D.M .: Ontological modeling is the compilation of information models in the form of conceptual descriptions of subject areas that meet certain standards. There are special languages for ontologies, they are standardized and already used in the industry. The main purpose of ontologies is the description of data and knowledge schemes that may exist in a wide variety of sources. The problem is that these sources are many, they differ greatly in the type of data storage, in software architecture, and so on. To link them into a single information space, we need special integration mechanisms — they are ontologies. They are used when integrating databases, describing poorly structured data on the Internet, when creating knowledge bases on a specific topic or non-thematic, large knowledge bases - for example, based on Wikipedia information.
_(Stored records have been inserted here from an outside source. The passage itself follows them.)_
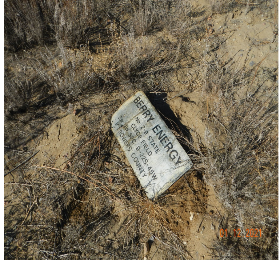
Photo 7. Operator sign remains.
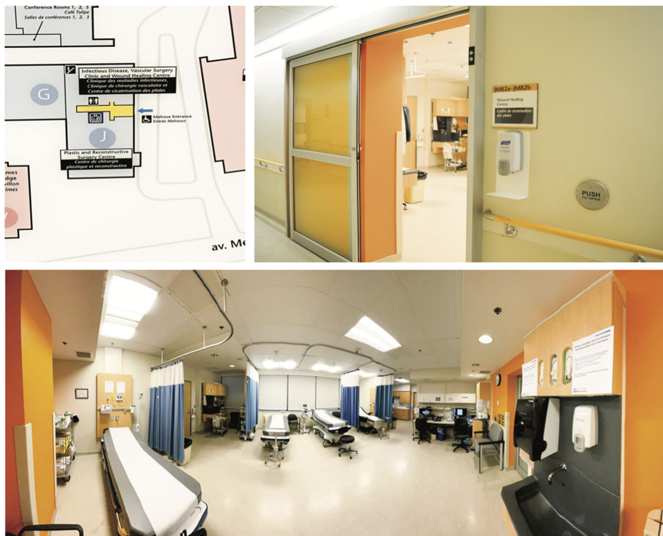
FIGURE 1 Structure of The Ottawa Hospital Limb-Preservation Clinic. The clinic is located in the same hallway as outpatient clinics for the Divisions of Vascular and Endovascular Surgery, Infectious Diseases, and Plastic and Reconstructive Surgery. The outpatient clinic for the Division of Orthopaedic Surgery is located just adjacent to it. The clinic space includes a large room that has three stretcher bays, one chiropody chair, a staff computer station, and an office equipped with telehealth technology (located between the chiropody chair and the interprofessional staff computer station to the left of the clinic)

A full-time specialty vascular wound care nurse and a number of part-time consulting surgeons staff the clinic. The surgeons affiliated with the clinic have expertise in open and endovascular lower limb revascularisation, soft tissue coverage and reconstruction, correction of structural foot deformities and biomechanical orthopaedic problems, minor and major lower limb amputations, and simple and complex debridement procedures. All patients with signs or suspicion of infection are seen by the infectious diseases service while most of those with suspicion for structural foot deformities are seen by foot and ankle orthopaedic surgeons or referred for orthotics.
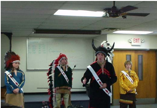
Ceremony team tryouts and chapter team evaluations
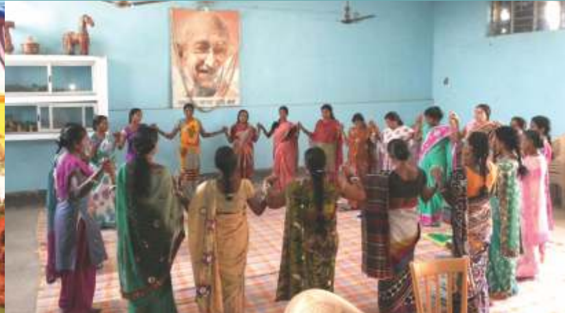
Book-keepers training in West-Singhbhum DRDA
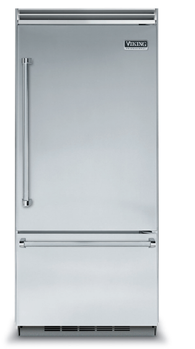
Built-In, Bottom-Freezer, Custom Panel Model Available 36" Wide
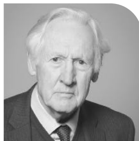
The Rt. Hon. James Alexander Douglas- Hamilton, P.C., Q.C., Lord Selkirk of Douglas
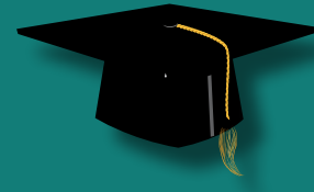
Education & Youth Development
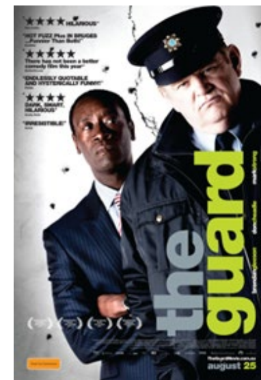
THE GUARD October 16th
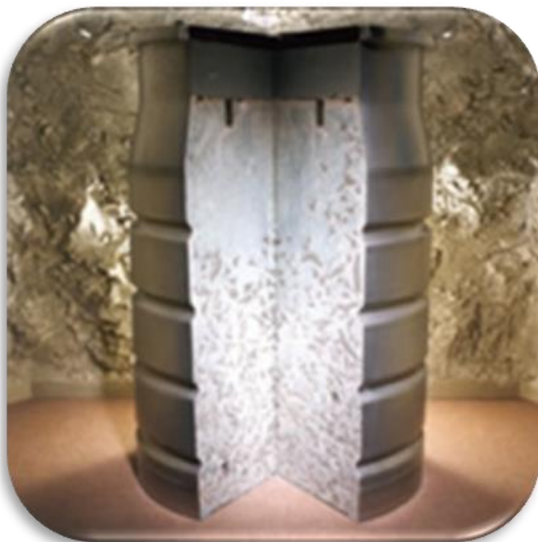
Cross section of a drum containing intermediate-level waste

Even if one of these concrete drums should fall off the truck and break open, the radioactive materials inside will never be exposed as it is sealed inside the concrete.
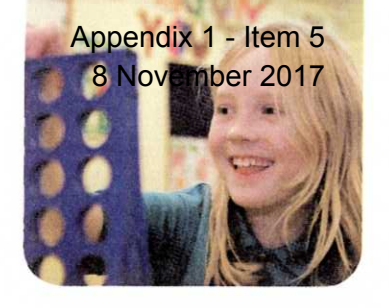
Plenty to smile about as Willow Park prepares to deliver the next phase of work.
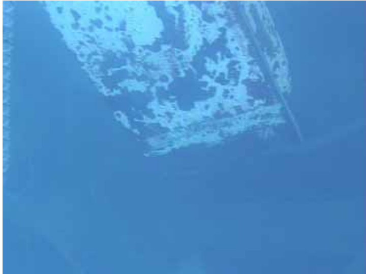
Debris in the spent fuel pool (under water)
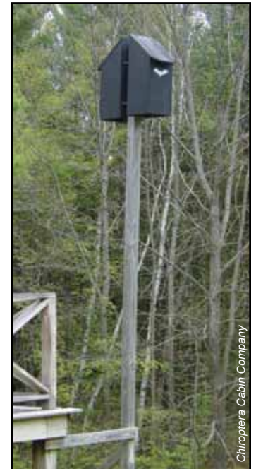
Chiroptera Cabin Company

✈ Be sure to place the house where it will receive at least eight hours of sunlight.
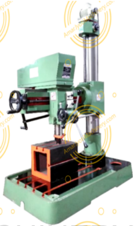
RADIAL MOTOR LIFT HEAVY
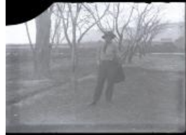
Woman dressed androgynously (2023.40.44)
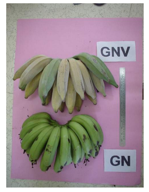
Figure 3: Ripened hands of field identified normal and variant (GNV-04) 'Grand Naine' banana
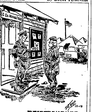
"Keep the new men busy, Sergeant! I don't want them to have time to write any of those poking fun at the Army!"
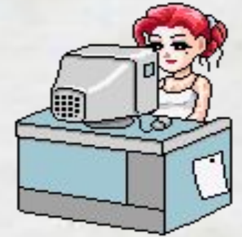
WORK ON COMPUTER
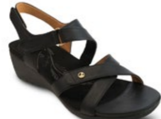
Casablanca Black French $179.95
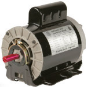
Resilient Mount Motors
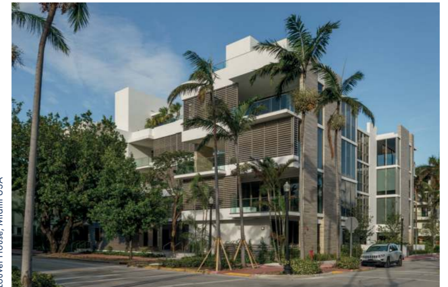
Louver House, Miami USA
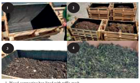
Wood composting box lined with raffia mesh. The four wood boxes loaded with the compost substrate. Thermometers used for temeperature control. Dehvdrated nettle plants.

thermometer and some bulking agent (dehydrated nettle plants) were added in box 2, one month after composting had started (the objective of this addition is not presented in this work).
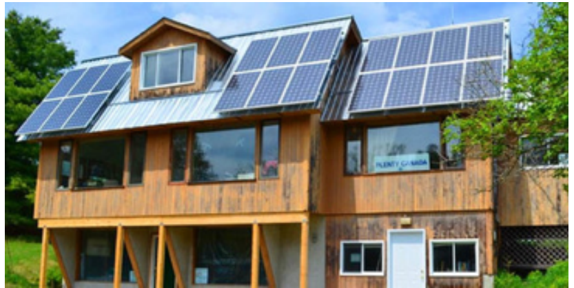
Sustainability Centre at Plenty

At Plenty Canada we recognise that people are part of the environment and we sustain healthy lives only when the environment as a whole is healthy. For us the environment and the bio-diversity of our environment are a precious treasure we need to protect.
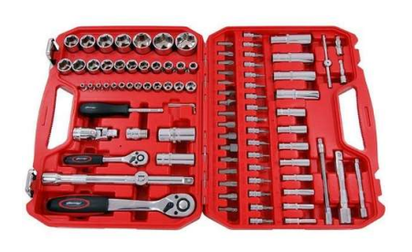
60. V - NEW NEILSON SOCKET SET - 94 PIECE - 1/4-1/2 INCH DRIVE & ACCESSORIES
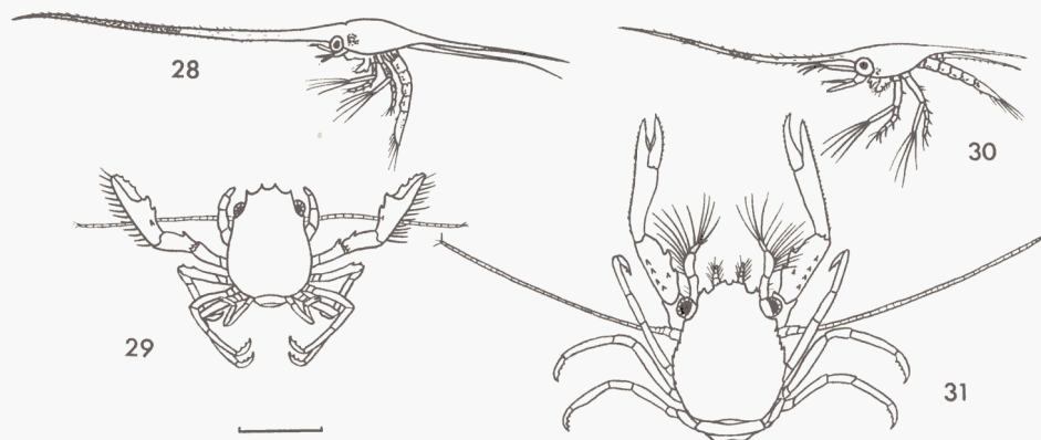
Figs. 28, 29. Porcellana platycheles : 28, zoeal stage I; 29, megalopa. – Figs. 30, 31. Pisidia longicornis : 30, zoeal stage I; 31, megalopa. Scale-line approximately 1 mm: Figs. 28–31.

[Figs. 1–3, 10 after Sars; 8, 15–23, 25–31 after Lebour; 9, 11–14 after Huus; 24 after Bull; 4–7 original R.B.P.].
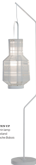
LIGHTEN UP Mandarin lamp with stand $2,250/Roche Bobois
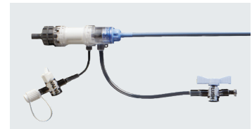
Figure 3. Pressurized with 2.5 ml saline.
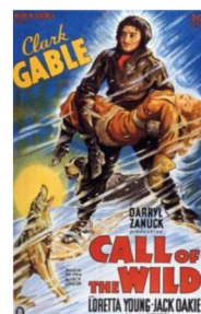
Hover to enlarge

London (shown at top right when writing The Call of the Wild ) wrote many compelling adventure stories which translated well into films, as depicted in the poster advertisements at bottom left (1923) and right (1935).
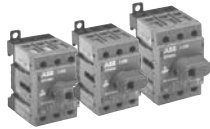
OT16F3 OT25F3 OT40F3

The process of creation itself involves the participation of subject matter experts: experts are always involved in those issues for which data will be presented in the knowledge column. For example, it may be issues related to cultural heritage, medicine, education, with some kind of production.
These experts identify key concepts - objects that are critical for this subject area. For example, cultural heritage is the objects of art, the creators of these objects, the process of creativity, the processes of restoration or some modifications (if it is an architectural object, it could be rebuilt), these are issues of display, storage, etc. All that is important for a full description of the subject the area, the expert formulates. Further relations, communications between these objects are designated. This formalized description allows you to subsequently make queries to knowledge columns.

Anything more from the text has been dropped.